INFORMATION PROVIDED
★ ★ ★

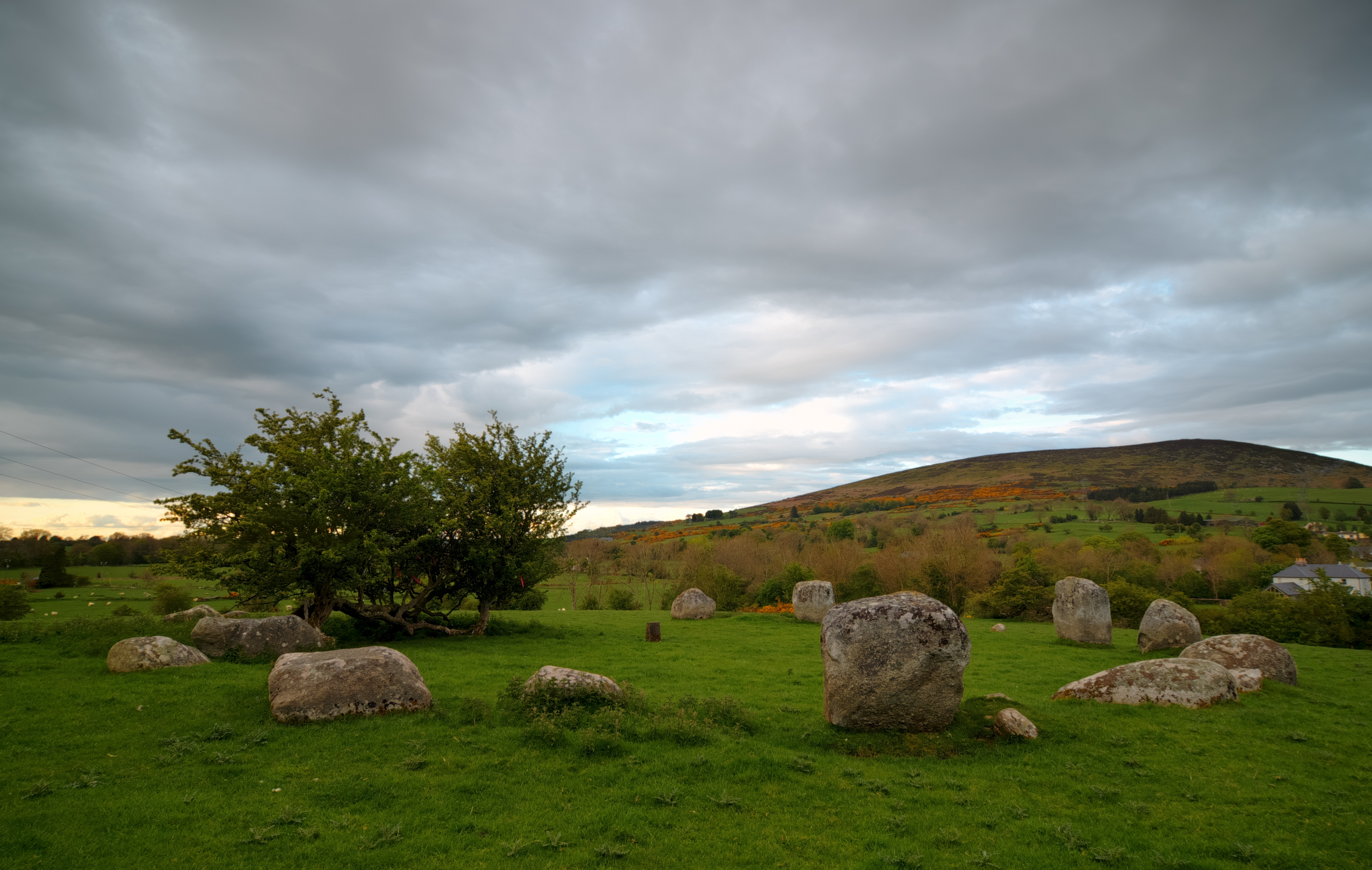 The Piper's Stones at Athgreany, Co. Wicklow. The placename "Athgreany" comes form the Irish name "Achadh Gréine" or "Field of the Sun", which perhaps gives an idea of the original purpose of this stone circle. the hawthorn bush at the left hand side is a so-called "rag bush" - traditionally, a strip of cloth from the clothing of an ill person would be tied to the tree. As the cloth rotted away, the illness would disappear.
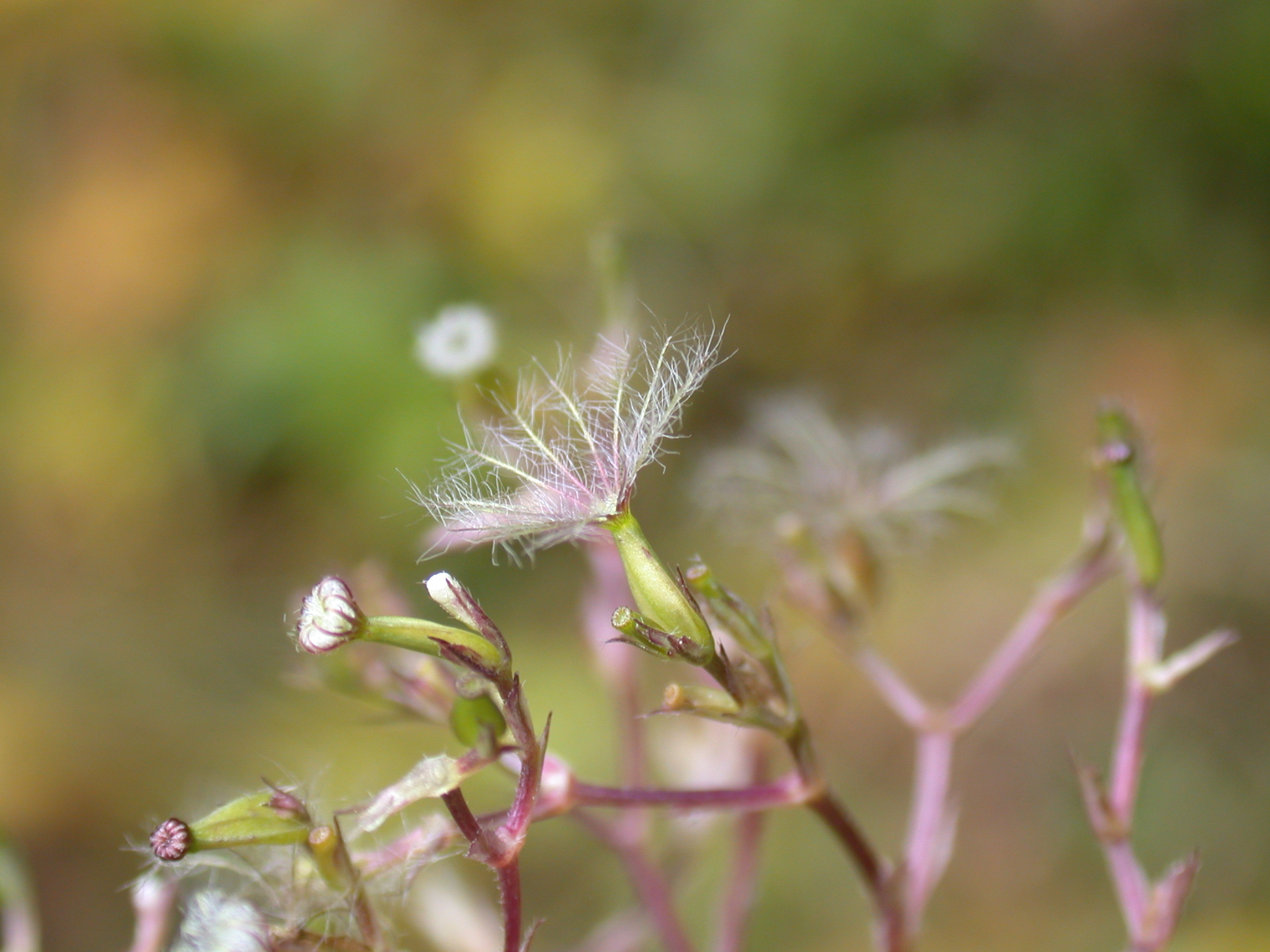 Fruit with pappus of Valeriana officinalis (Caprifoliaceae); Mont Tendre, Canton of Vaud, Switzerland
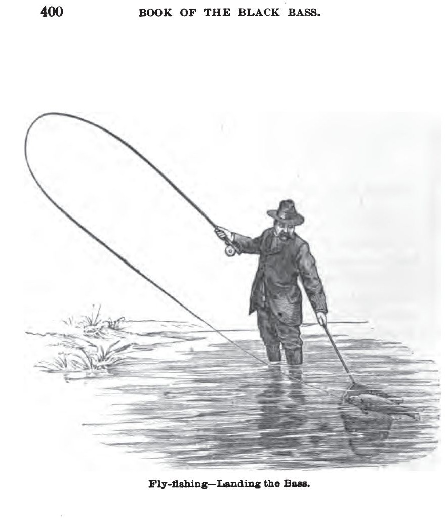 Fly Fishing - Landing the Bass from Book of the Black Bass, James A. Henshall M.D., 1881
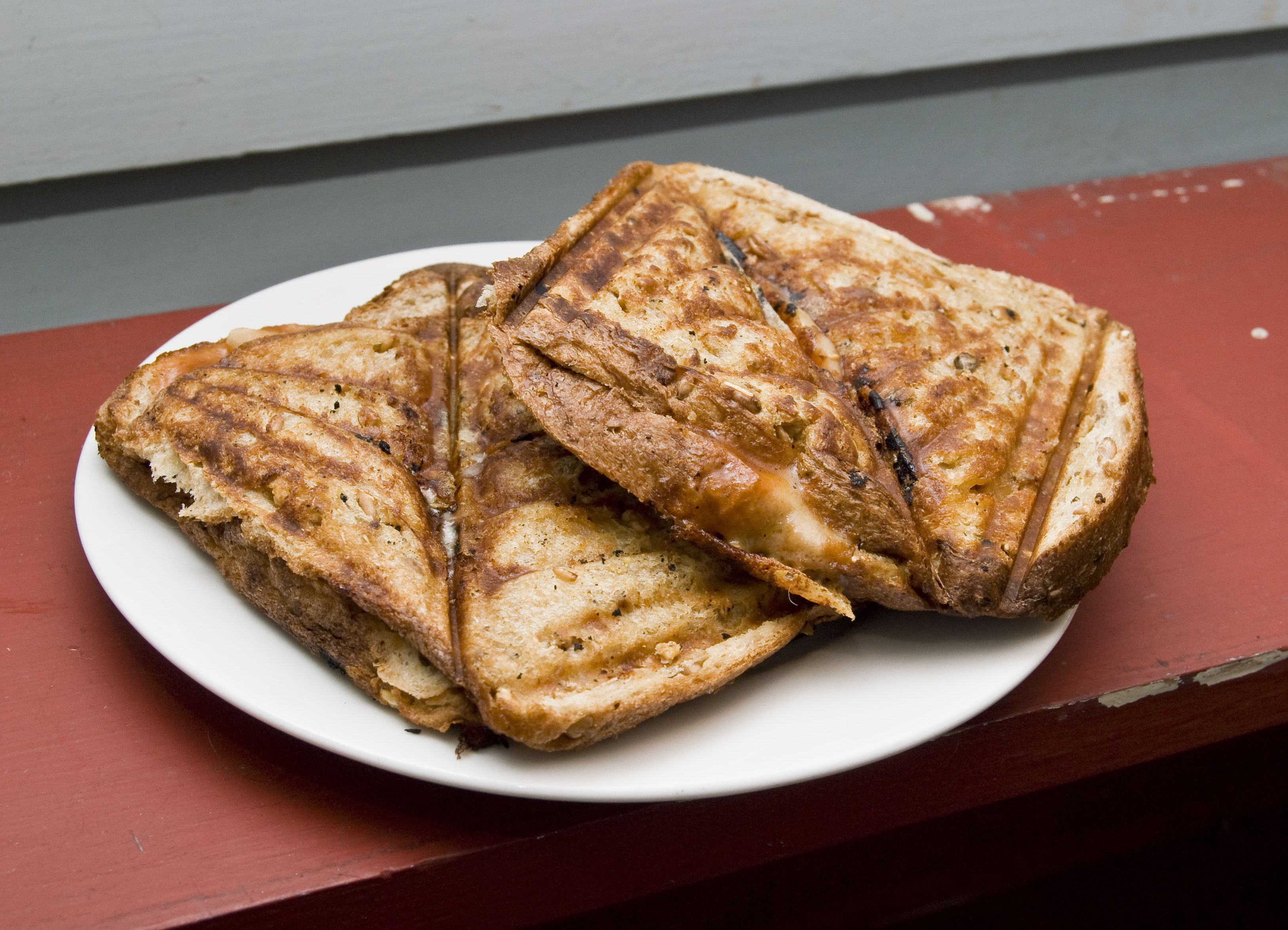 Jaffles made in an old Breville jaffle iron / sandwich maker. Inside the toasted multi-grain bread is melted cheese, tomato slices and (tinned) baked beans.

★ ★ ★

WHAT THE TASK REQUIRES
Write out every line above exactly as it is, leaving out the pictures.

PROBLEM SOLUTION
 The Piper's Stones at Athgreany, Co. Wicklow. The placename "Athgreany" comes form the Irish name "Achadh Gréine" or "Field of the Sun", which perhaps gives an idea of the original purpose of this stone circle. the hawthorn bush at the left hand side is a so-called "rag bush" - traditionally, a strip of cloth from the clothing of an ill person would be tied to the tree. As the cloth rotted away, the illness would disappear.
 Fruit with pappus of Valeriana officinalis (Caprifoliaceae); Mont Tendre, Canton of Vaud, Switzerland
 Fly Fishing - Landing the Bass from Book of the Black Bass, James A. Henshall M.D., 1881
 Jaffles made in an old Breville jaffle iron / sandwich maker. Inside the toasted multi-grain bread is melted cheese, tomato slices and (tinned) baked beans.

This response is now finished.